IL-8 and MIF were also reliably more abundant in adult bone marrow CECs’ culture medium. It is known that IL-8 [21,22,23] and MIF [24,25,26] direct cells to the bone marrow and promote cell growth and angiogenesis. We propose that adult bone marrow CECs can be involved in these biological processes through the means of secreting such cytokines.
Cytokines, found in fetal liver parenchyma CECs’ culture medium, could be described as pro-inflammatory and often involved in auto-immune processes [27,28]. However, it might be that their effects in vivo are masked by CECs’ overall induced immunosuppression.
We also detected gene expression of pattern-recognition receptors in both varieties of CECs. This can mean that CECs from both sources can recognize PAMPs through TLR9 [29], and human fetal liver parenchyma CECs can recognize PAMPs through TLR1/TLR2 [30] and NOD2 [31]. Pattern-recognition receptors were previously found in CECs of mice (TLRs 1, TLR2 and TLR4) [6], fish (TLR3, TLR9 and TLR21) [32,33] and birds (TLR2, TLR 3, TLR 4, TLR 5 and TLR21) [33,34], so it is quite important to test CECs for responses to various TLR ligands.

5. Conclusions

Overall, we observed that adult bone marrow and fetal liver parenchyma CECs are two heterogeneous cellular populations with different immune transcriptomes and somewhat different cytokine production profiles, possibly with different functions.

Author Contributions

R.P.-Z. performed some of the cell sorting, performed some of the transcriptome profiling by NanoString, performed some of the Bio-Plex assays, analyzed most of the data and wrote parts of the manuscript. O.P.-Z. performed some of the cell sorting, performed some of the transcriptome profiling by NanoString, performed some of the Bio-Plex assays, analyzed most of the data and wrote parts of the manuscript. Y.S. performed some of the cell sorting and performed some of the Bio-Plex assays. V.D. performed the bone marrow puncturing and aspiration. K.N. and I.O. performed some of the cell sorting. K.Z. and S.S. conceived the original idea, designed and supervised all the research and secured resources. All authors contributed to the article and approved the submitted version. All authors have read and agreed to the published version of the manuscript.

Funding

This work was carried out with the support of the Russian Science Foundation, project number 21-15-00087.
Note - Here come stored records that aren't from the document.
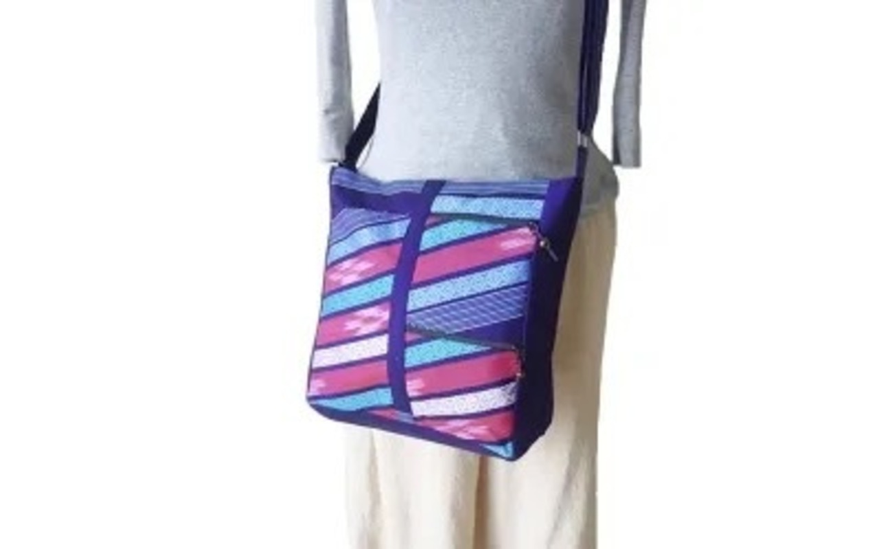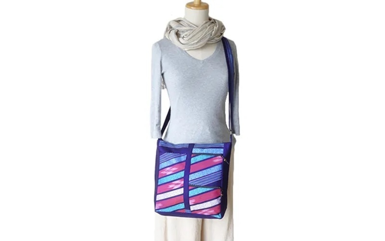 NGSB6‐3 カレン手織り布のポケットいっぱいショルダー Lサイズ(PrPAq)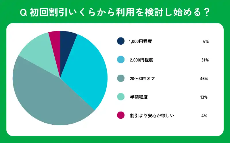 | エアコンクリーニングの初回割引があった場合、どの程度の割引で利用を検討し始めますか? | ||||||||||||||||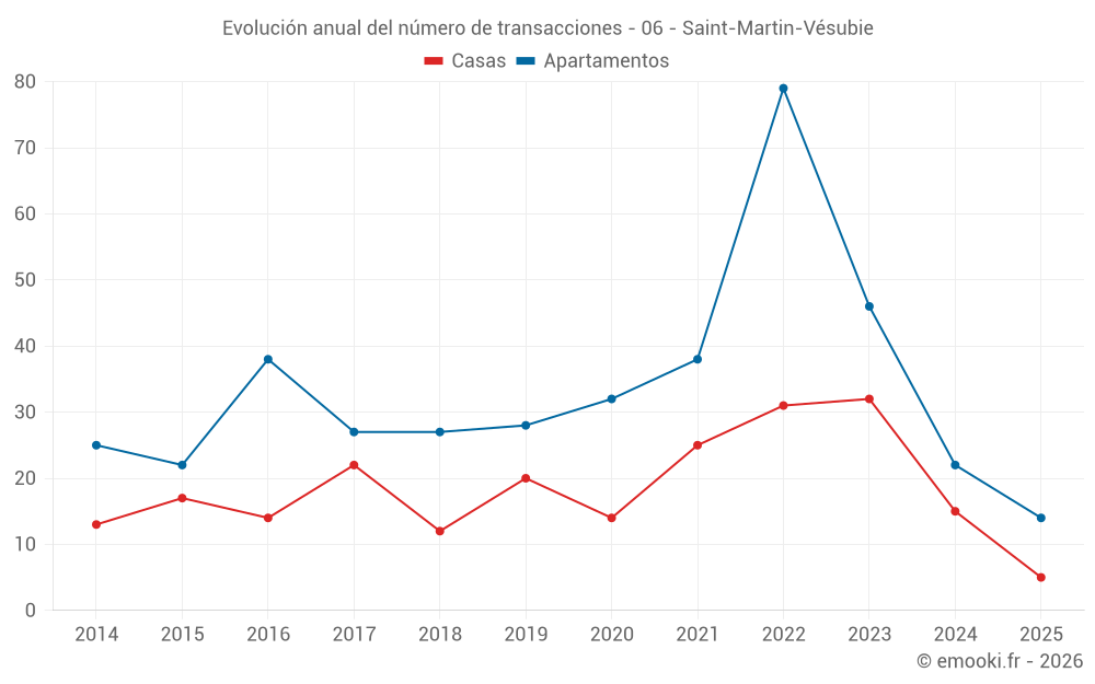 El precio mediano en las 24 transacciones de apartamentos de los últimos 12 meses en la comuna de Saint-Martin-Vésubie fue de 2 710 € por metro cuadrado para un valor patrimonial medio de 85 500 €. Durante este período el 60% de las transacciones estuvieron entre 1 703 y 3 268 € por metro cuadrado (del 2º al 8º decil).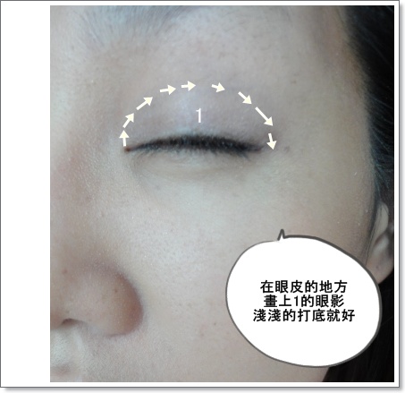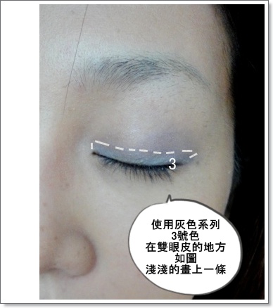 在雙眼皮奏摺處,畫上灰色眼影 |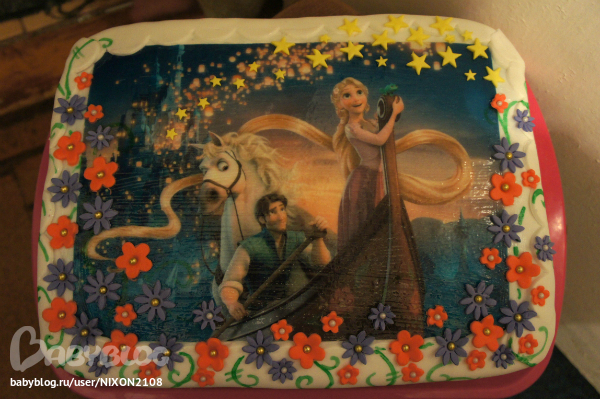 Катюш,очень симпатичный тортк! Уже видела его на Одноклассниках))) Кать,а почему долго приклеивалась?  На что? Я вот тоже у Оксаны заказала,предстоит тоже сделать с фото.Она вроде говорит,проблем не должно быть. В чем трудность была? У тебя плотная рисoвая или сахарная картинка? Что-то боюсь я уже за это браться...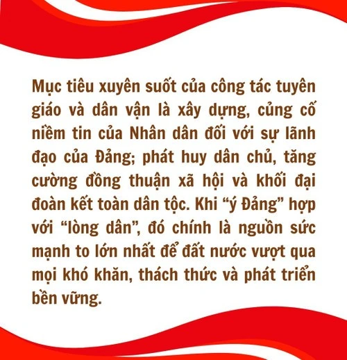 Mục tiêu xuyên suốt của công tác tuyên giáo và dân vận là xây dựng, củng cố niềm tin của Nhân dân đối với sự lãnh đạo của Đảng; phát huy dân chủ, tăng cường đồng thuận xã hội và khối đại đoàn kết toàn dân tộc. Khi “ý Đảng” hợp với “lòng dân”, đó chính là nguồn sức mạnh to lớn nhất để đất nước vượt qua mọi khó khăn, thách thức và phát triển bền vững.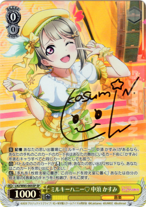 【永】 記憶 あなたの思い出置場に「ミルキーハニー♡ 中須 かすみ」があるなら、あなたの手札のこのカードのカード名はあなたの舞台にいるカード名に「かすみ」を含むキャラすべてと同じカード名としても扱う。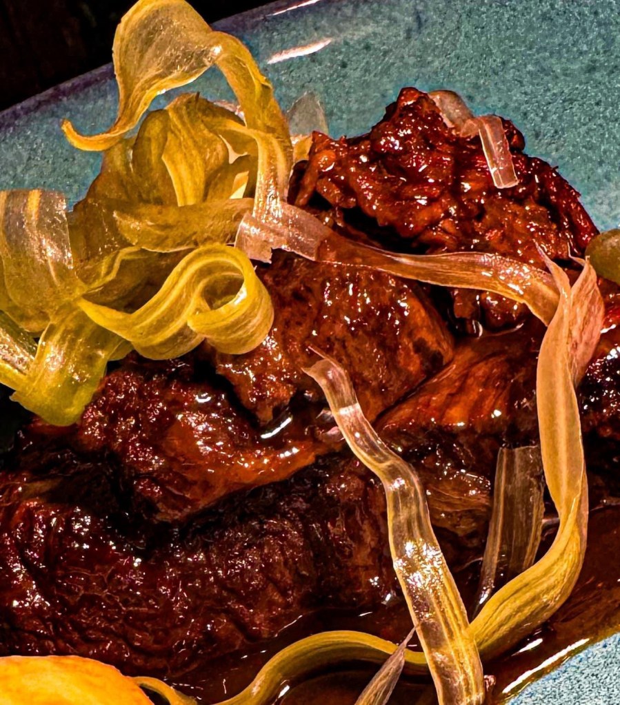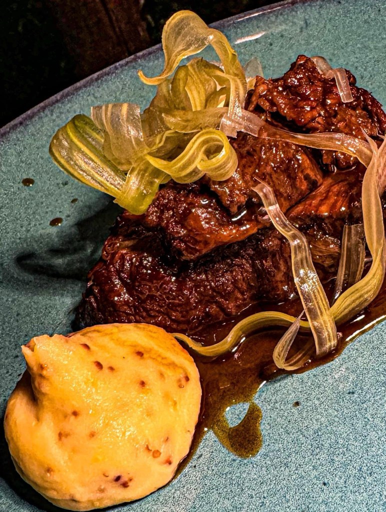 Guancia di vitello brasata con sedano croccante e purè alla senape.
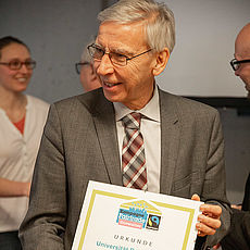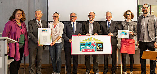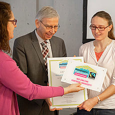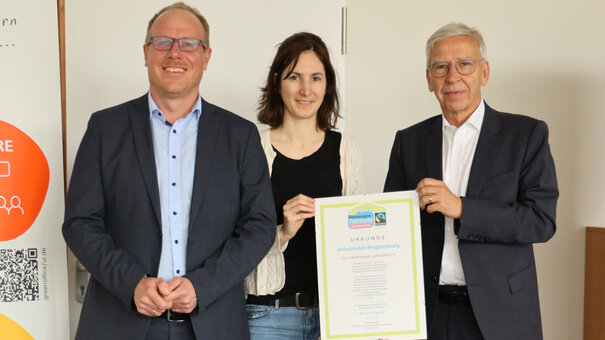 Den Fairen Handel fördern und in den universitären Alltag integrieren – das ist das erklärte Ziel von Fairtrade-Universities. Die Universität Regensburg wurde jetzt vom Verein TransFair e. V. zur 30. Fairtrade-University in Deutschland ernannt. Auf Initiative des studentischen Arbeitskreises Unifair und unterstützt durch die Universitätsleitung sowie durch das Studentenwerk Niederbayern/Oberpfalz hatte sich die Universität Regensburg im Sommer letzten Jahres erfolgreich für den Titel beworben. „Mit der Ernennung zur Fairtrade-University stellt sich die Universität Regensburg ihrer gesellschaftlichen Verantwortung auch in diesem Bereich und macht einen weiteren Schritt, um den Nachhaltigkeitsgedanken auf dem Campus zu verankern. Gerade für die Universität Regensburg, die sich als internationale Institution versteht, spielt Gerechtigkeit im globalen Sinn eine gewichtige Rolle“, erklärt Prof. Dr. Udo Hebel, Präsident der Universität Regensburg.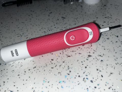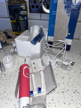 Braun Oral-B Pink toothbrush and two chargers & Brush heads - appears completely new, however, box is damaged - Tested charged and working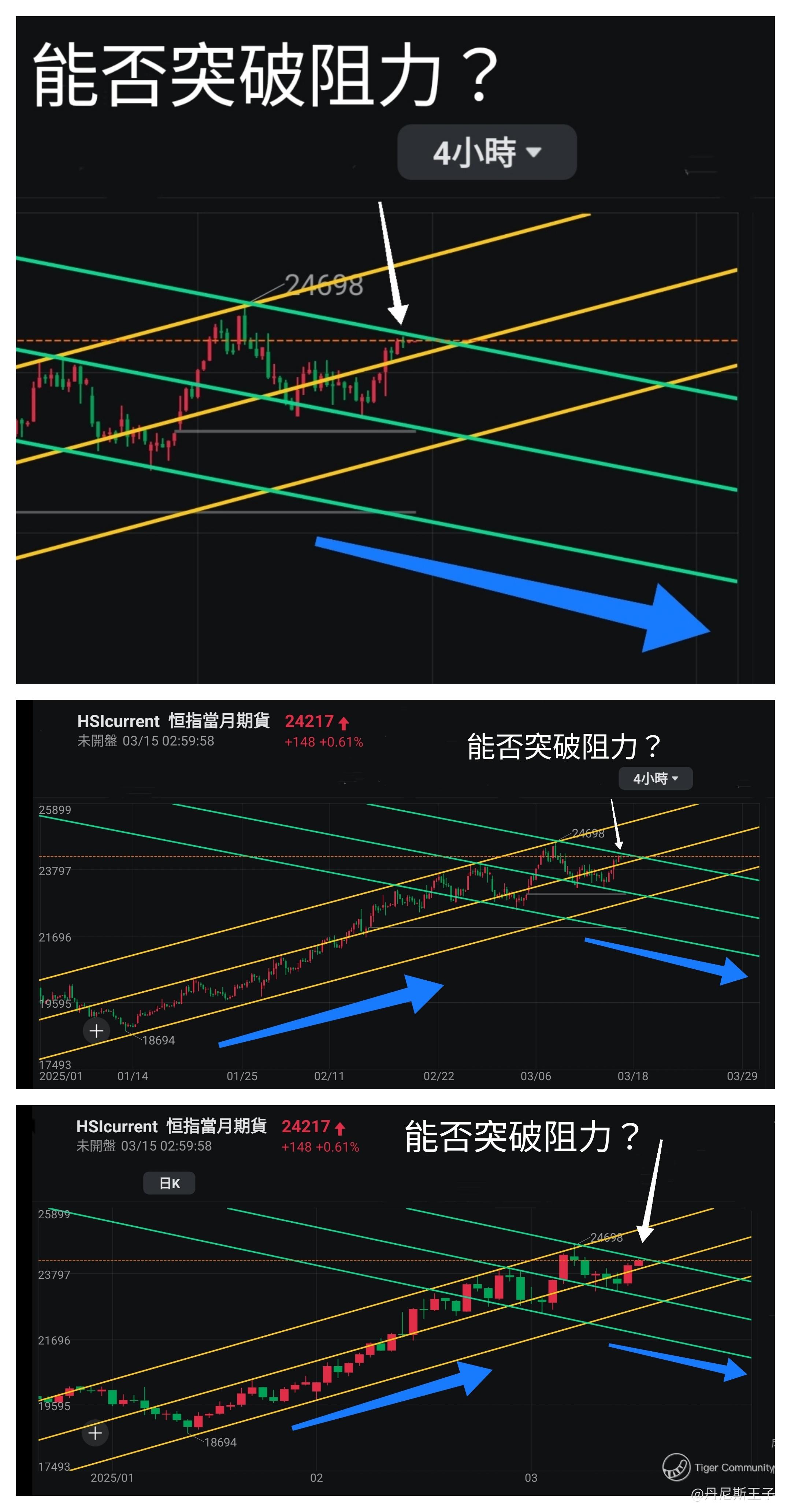 恒生指数/恒指当月期货4小时/日线图通道线:

Institutional Review Board Statement

Bone marrow harvesting from healthy adult donors was approved by the local ethics committee of Research Institute of Fundamental and Clinical Immunology at meeting №129. Fetal liver homogenized parenchyma cell samples stored in 10% DMSO and 90% FBS and frozen in liquid nitrogen were obtained from the Bank Stvolovih Kletok, LLC.

Informed Consent Statement

Written informed consent was obtained from all bone marrow donors involved in the study.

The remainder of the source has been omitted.